Ormond Beach, Florida
The execution page contains the following:
Tenants
Signatures
By: Kathryn Kambanis
Its President
Underlined material indicates non-printed material, i.e., handwriting.
The only indication that “Signatures” is a separate legal entity is by the handwritten designation of President after Defendant Kambanis’ signature. It is also clear, at least in the Uniform Commercial Code context, that the word “by” preceding the defendant’s signature on a note, without more on the face of the note, does not show that the defendant signed in a representative capacity. See Giacalone v Bernstein, 348 So.2d 679 (Fla. 3d DCA 1977).
The allegations of a complaint, when raised by a Motion to Dismiss for failure to state a cause of action, are assumed to be true and all reasonable inferences arising therefrom are allowed in favor of the plaintiff.

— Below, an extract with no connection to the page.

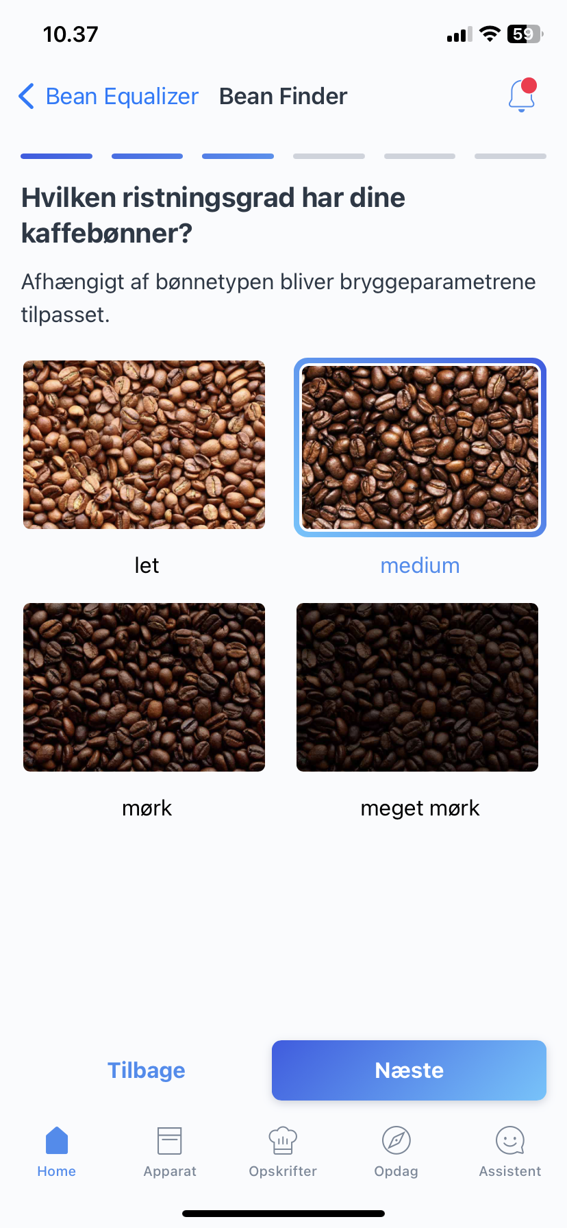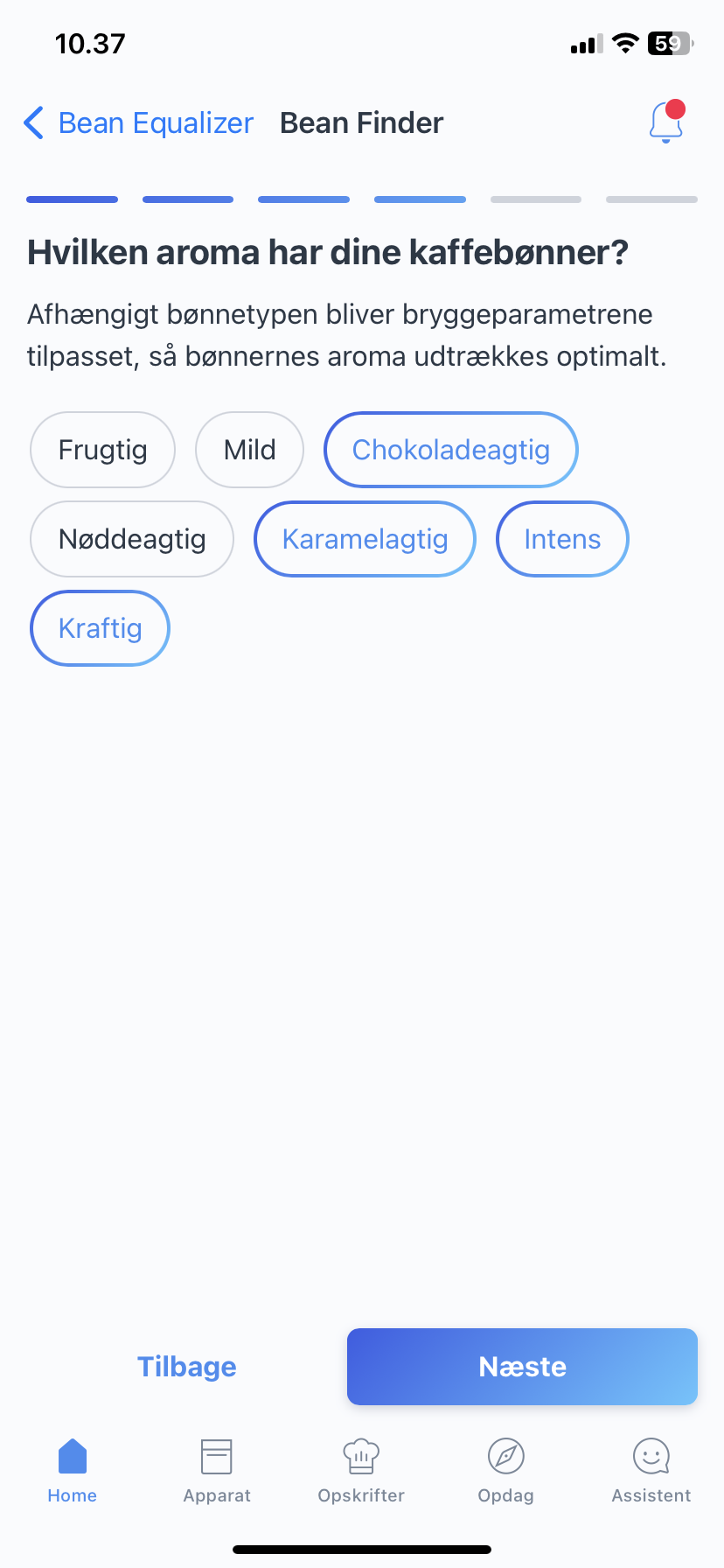 Maskinen har tre huvudmenyer för kafferecept: Profiler, Klassiker och coffeeWorld. Den första är till för dina personliga recept. Klassiker och coffeeWorld innehåller både olika kända och mindre kända kaffetyper. De är inte så logiskt uppdelade som man skulle kunna tro, så man får leta lite för att hitta sitt favoritkaffe. En enkel latte finns inte någonstans i menyerna. Om man vill ha en sådan måste man lägga till den i appen.

Ralph v City of Daytona Beach, 471 So.2d 1 (Fla. 1983) and Bank of Central Florida v Zellwood Farmers Market, Inc., 543 So.2d 455 (Fla. 5th DCA 1989).
The debtor in In Re Brooks, 4 B.R.237 (S.D. Fla. 1980) while acting in his capacity as president of Brooks Home Improvement, Inc. entered into a contract to construct an addition to the plaintiff’s house. The corporation subsequently defaulted and failed to perform under the [156]*156contract. Plaintiffs filed suit against the corporation and the debtor, individually. In settlement of the pending dispute, the debtor signed a promissory note as follows: “Gerald F. Brooks, Pres.”.

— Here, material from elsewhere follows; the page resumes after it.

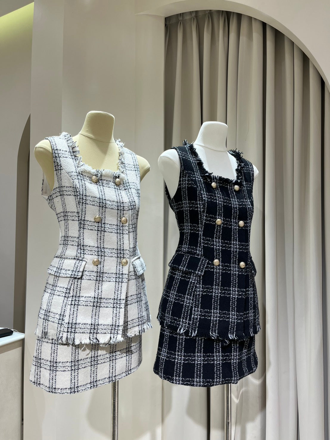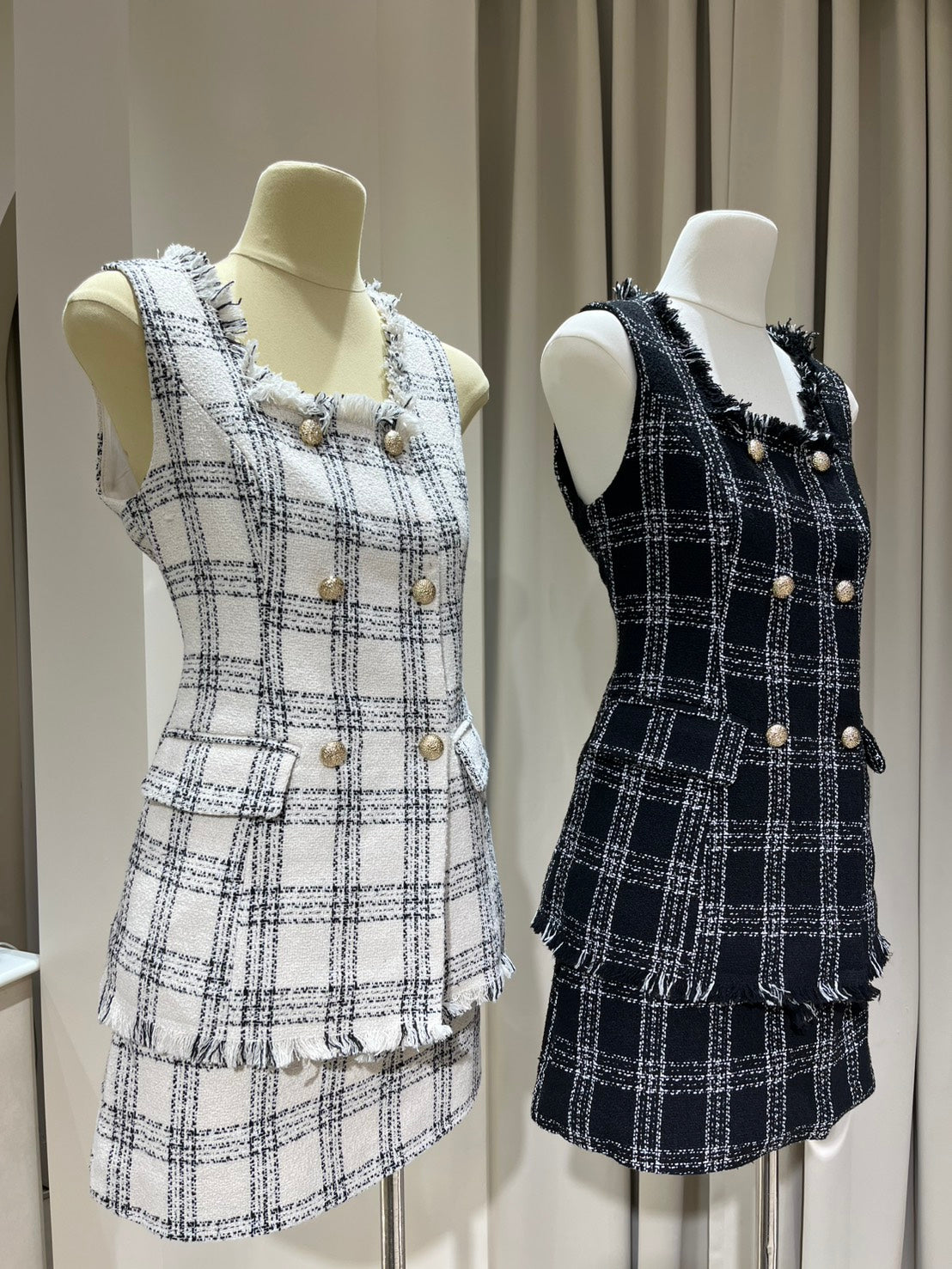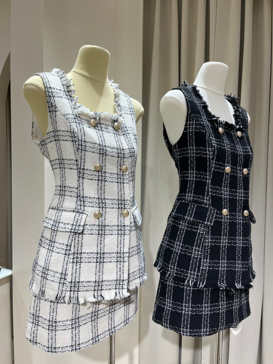 Details: Stylish woven set with a checkered pattern. The fabric is lightweight, perfect for daily wear. Features a sleeveless, square-neck top matched with shorts. Fully lined for comfort, creating a complete and chic look for any occasion.

The Court found that there was nothing on the face of the note, other than the abbreviation for president to negative the debtors personal liability. The corporation was found not to be liable; the debtor was liable. There is not a clear indication, in the instant case, that “Signatures” is a separate legal entity that can be represented. Thus the facts herein do not differ from the facts in Brooks. See also Havatampa Corp. v Walton Drug Co., Inc., 354 So.2d 1235 (Fla. 2d DCA 1978) and Manufacturers’ Leas., Ltd. v Florida Dev. & Att., 330 So.2d 171 (Fla. 4th DCA 1976).
Based on the above and foregoing, it is hereby:
ORDERED and ADJUDGED that Defendant’s Motion to Dismiss is denied.